Extracted records Block Start

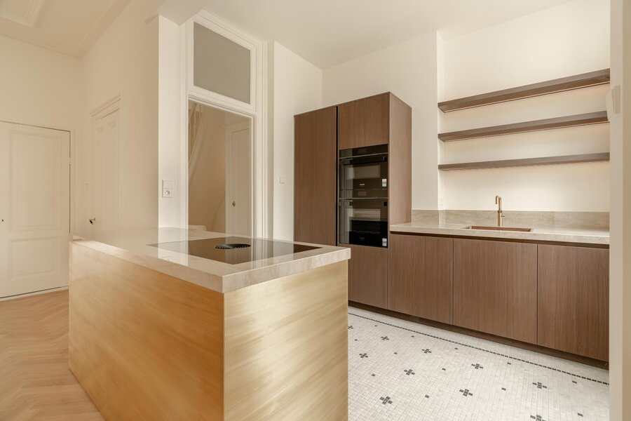De recent vernieuwde, luxe open keuken is voorzien van hoogwaardige inbouwapparatuur, een kookeiland en een strak design.
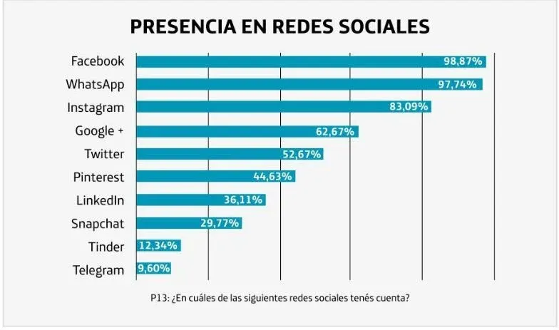 Es usual asociar a los millennials con las nuevas tecnologías; frecuentemente se los imagina con un celular constantemente en la mano. Esta idea que se tiene de ellos no podría ser más acertada, según la investigación que se presentó el jueves 6. Casi todos hacen uso de las redes sociales. Un 99% de los uruguayos de esta edad usan Facebook, seguida de WhatsaPp (98%) e Instagram (83%). Con el desembarco masivo de sus padres y abuelos a Facebook, comenzaron a usar Instagram con más frecuencia.
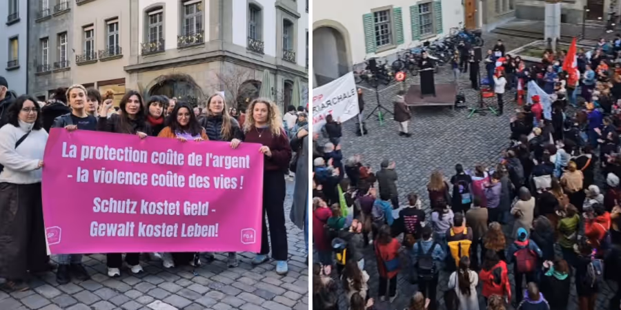 Rund 600 Personen haben am Dienstagabend vor dem Berner Rathaus gegen patriarchale Gewalt demonstriert. Sie forderten besseren Schutz und zusätzliche Mittel für Menschen, die von geschlechtsspezifischer und sexualisierter Gewalt betroffen sind.
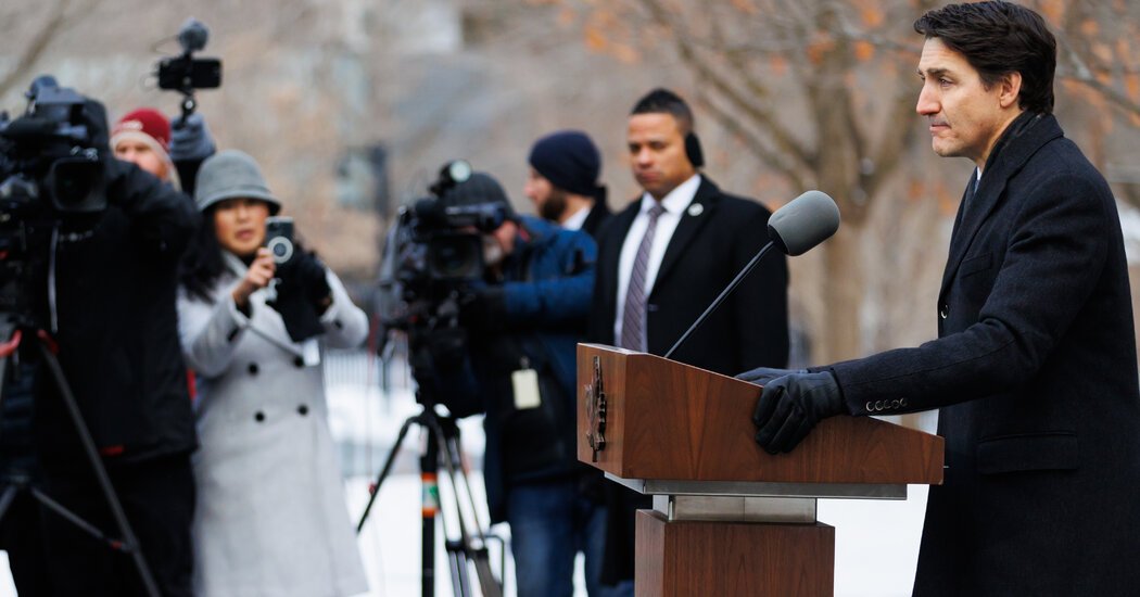 במכנסי צמר קלים, נעלי שמלה ומעיל עליון שהיה פתוח בחלקו, ראש הממשלה ג'סטין טרודו היה לבוש מינימלי למזג האוויר של מינוס 13 מעלות צלזיוס ביום שני כשיצא ממעונו הרשמי כדי להודיע על התפטרותו.
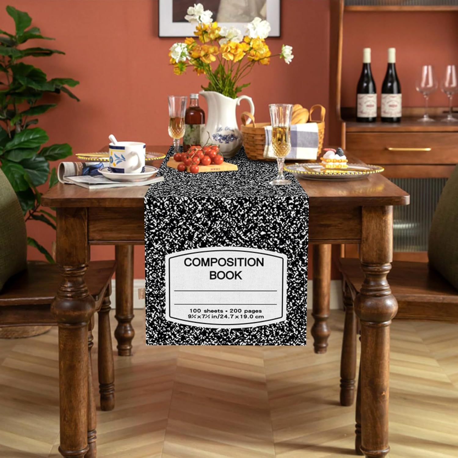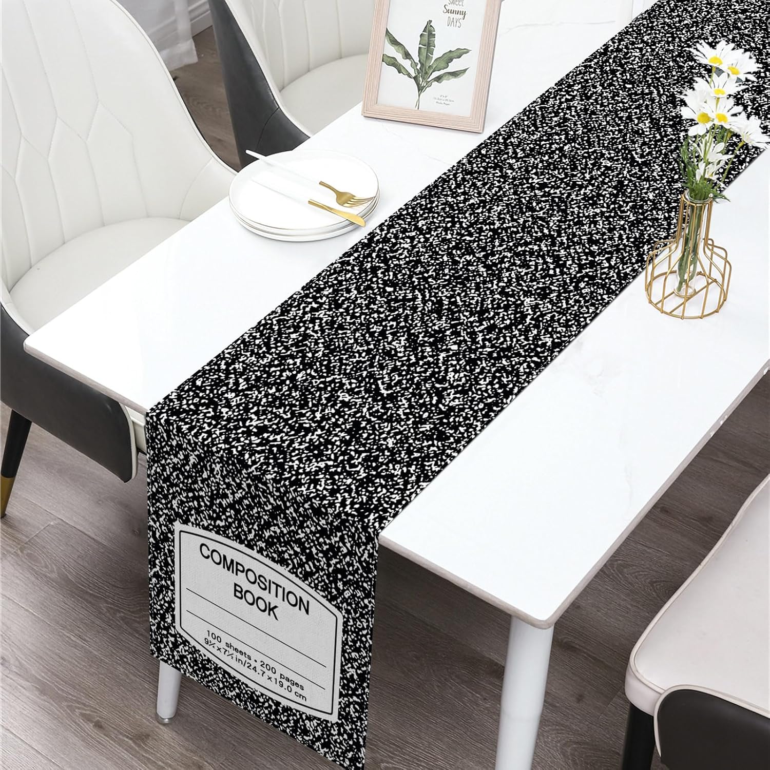 Celebrate the return to the classroom in style with this charming Composition Notebook Table Runner. Designed to look like a classic black-and-white marble notebook, this runner is the perfect way to show appreciation for teachers, decorate classroom parties, or add a nostalgic touch to your dining space during the back-to-school season.
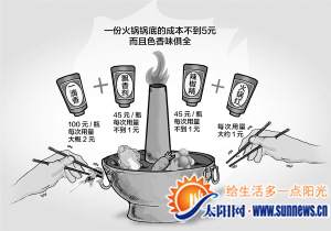 大骨熬制,秘制鍋底,上等食材……這是許多火鍋店打出的誘人廣告語,但這些火鍋是否真的如廣告所說?為此,晨報(bào)記者連日對(duì)廈門火鍋業(yè)市場(chǎng)進(jìn)行暗訪,發(fā)現(xiàn)有店家公開售賣辣椒精、火鍋紅、一滴香和飄香劑,并聲稱廈門火鍋沒有一家不加這些添加劑。同時(shí),據(jù)記者測(cè)算,大概只要三五元的成本,就能做成一份大骨鴛鴦鍋。
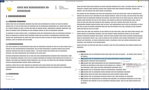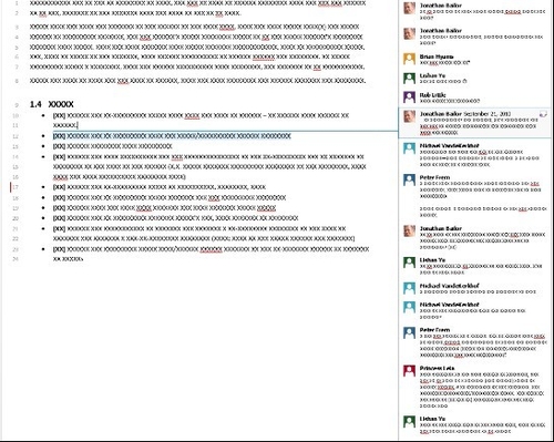 用戶在Word的閱讀模式下瀏覽注釋,新版Word將不會在右邊顯示相關的注釋內(nèi)容,而是最大限度的保證閱讀的連貫性,當鼠標移到注釋內(nèi)容上就會以浮動窗體的形式顯示出來,可追蹤整篇文檔的修改注釋位置,而且在跳出的浮動窗體上通過留言和其他文檔分享者進行溝通交流。
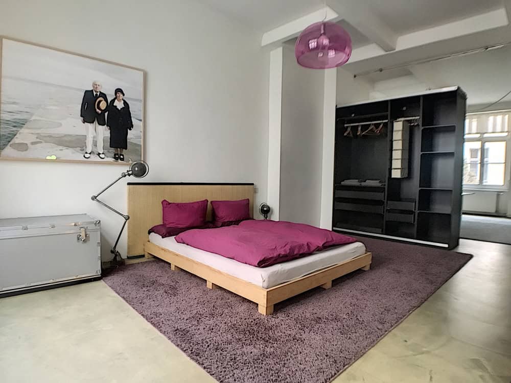 Der historische Lastenaufzug hält direkt vor der Einheit. Selbst Elektrik und Heizkörper orientieren sich hier am historischen Industrie-Design und runden den einmaligen Charakter der hohen Räume mit ihren großen Fensterflächen ab. Gespachtelte Wände und Sichtbetonflächen im Deckenbereich, ein hochwertiger Estrich-Boden und eigens angefertigte Türen harmonieren hier mit einer ausgewählten Möblierung, zu der auch eine geschmackvolle Einbauküche der Marke Bulthaup gehört.
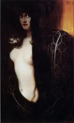 Iudita I dezvăluie o consonanță simbolică și compozițională cu tabloul Păcatul, al lui Franz Stuck: tentația ilustrată de pictorul german devine modelul femeii fatale a lui Klimt, sugerând poziția corpului dezbrăcat și evanescent ca piesă focală a pânzei, precum și fața Iuditei.
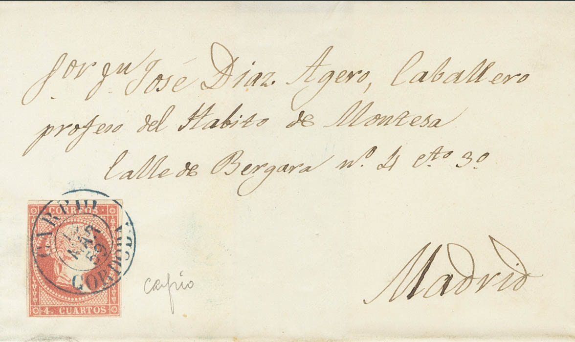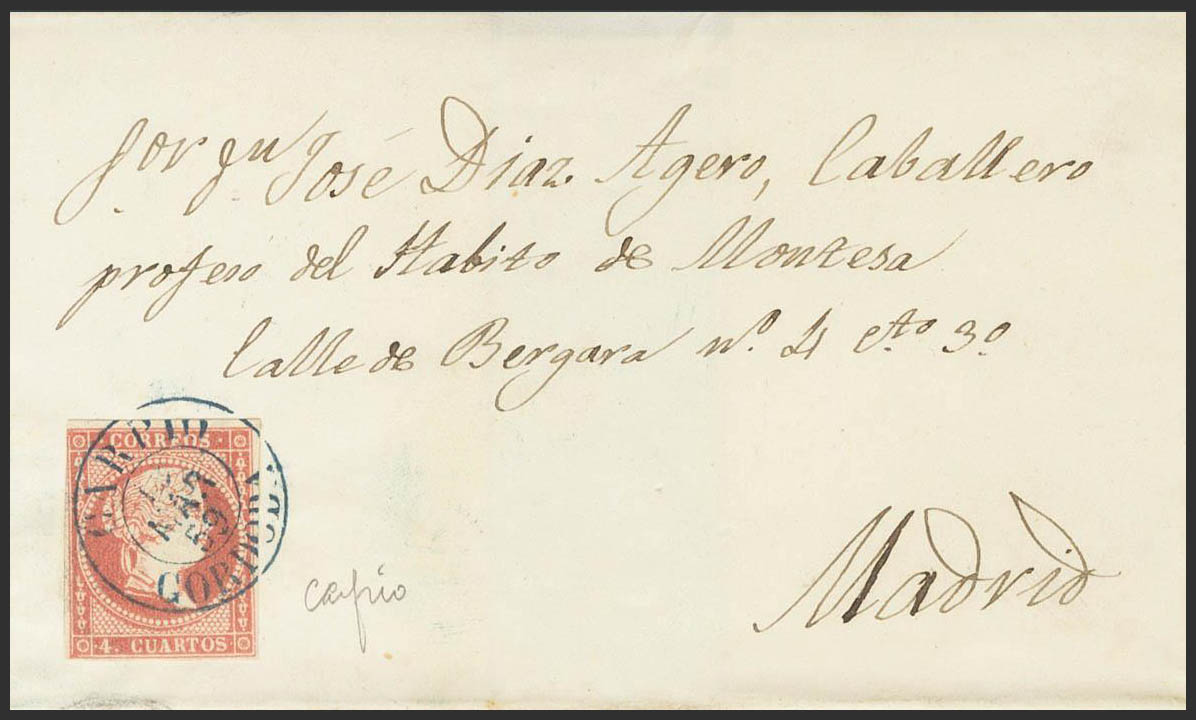 48. 1859. 4 cuartos red. CARPIO to MADRID. CARPIO / CORDOBA postmark (Type I), in blue. MAGNIFICENT AND RARE.
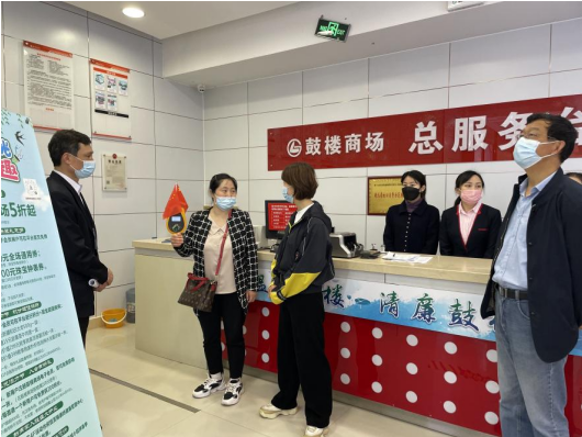 觀摩現(xiàn)場(chǎng),與會(huì)人員參觀了辦公樓、經(jīng)營(yíng)賣場(chǎng)、職工食堂的氛圍宣傳,查閱了鼓樓商場(chǎng)黨風(fēng)廉政建設(shè)、安全生產(chǎn)、法治建設(shè)、疫情防控等工作資料,對(duì)清廉品牌建設(shè)及現(xiàn)階段營(yíng)造的良好清廉氛圍給予了高度肯定。公司黨委委員、紀(jì)委書(shū)記王明軍陪同檢查指導(dǎo)。

Extracted records Block End

Only lines belong in the copy, not pictures: write out exactly the lines of the records from the first through the one holding "Der historische Lastenaufzug".

## Your response
De recent vernieuwde, luxe open keuken is voorzien van hoogwaardige inbouwapparatuur, een kookeiland en een strak design.
 Es usual asociar a los millennials con las nuevas tecnologías; frecuentemente se los imagina con un celular constantemente en la mano. Esta idea que se tiene de ellos no podría ser más acertada, según la investigación que se presentó el jueves 6. Casi todos hacen uso de las redes sociales. Un 99% de los uruguayos de esta edad usan Facebook, seguida de WhatsaPp (98%) e Instagram (83%). Con el desembarco masivo de sus padres y abuelos a Facebook, comenzaron a usar Instagram con más frecuencia.
 Rund 600 Personen haben am Dienstagabend vor dem Berner Rathaus gegen patriarchale Gewalt demonstriert. Sie forderten besseren Schutz und zusätzliche Mittel für Menschen, die von geschlechtsspezifischer und sexualisierter Gewalt betroffen sind.
 במכנסי צמר קלים, נעלי שמלה ומעיל עליון שהיה פתוח בחלקו, ראש הממשלה ג'סטין טרודו היה לבוש מינימלי למזג האוויר של מינוס 13 מעלות צלזיוס ביום שני כשיצא ממעונו הרשמי כדי להודיע על התפטרותו.
 Celebrate the return to the classroom in style with this charming Composition Notebook Table Runner. Designed to look like a classic black-and-white marble notebook, this runner is the perfect way to show appreciation for teachers, decorate classroom parties, or add a nostalgic touch to your dining space during the back-to-school season.
 大骨熬制,秘制鍋底,上等食材……這是許多火鍋店打出的誘人廣告語,但這些火鍋是否真的如廣告所說?為此,晨報(bào)記者連日對(duì)廈門火鍋業(yè)市場(chǎng)進(jìn)行暗訪,發(fā)現(xiàn)有店家公開售賣辣椒精、火鍋紅、一滴香和飄香劑,并聲稱廈門火鍋沒有一家不加這些添加劑。同時(shí),據(jù)記者測(cè)算,大概只要三五元的成本,就能做成一份大骨鴛鴦鍋。
 用戶在Word的閱讀模式下瀏覽注釋,新版Word將不會在右邊顯示相關的注釋內(nèi)容,而是最大限度的保證閱讀的連貫性,當鼠標移到注釋內(nèi)容上就會以浮動窗體的形式顯示出來,可追蹤整篇文檔的修改注釋位置,而且在跳出的浮動窗體上通過留言和其他文檔分享者進行溝通交流。
 Der historische Lastenaufzug hält direkt vor der Einheit. Selbst Elektrik und Heizkörper orientieren sich hier am historischen Industrie-Design und runden den einmaligen Charakter der hohen Räume mit ihren großen Fensterflächen ab. Gespachtelte Wände und Sichtbetonflächen im Deckenbereich, ein hochwertiger Estrich-Boden und eigens angefertigte Türen harmonieren hier mit einer ausgewählten Möblierung, zu der auch eine geschmackvolle Einbauküche der Marke Bulthaup gehört.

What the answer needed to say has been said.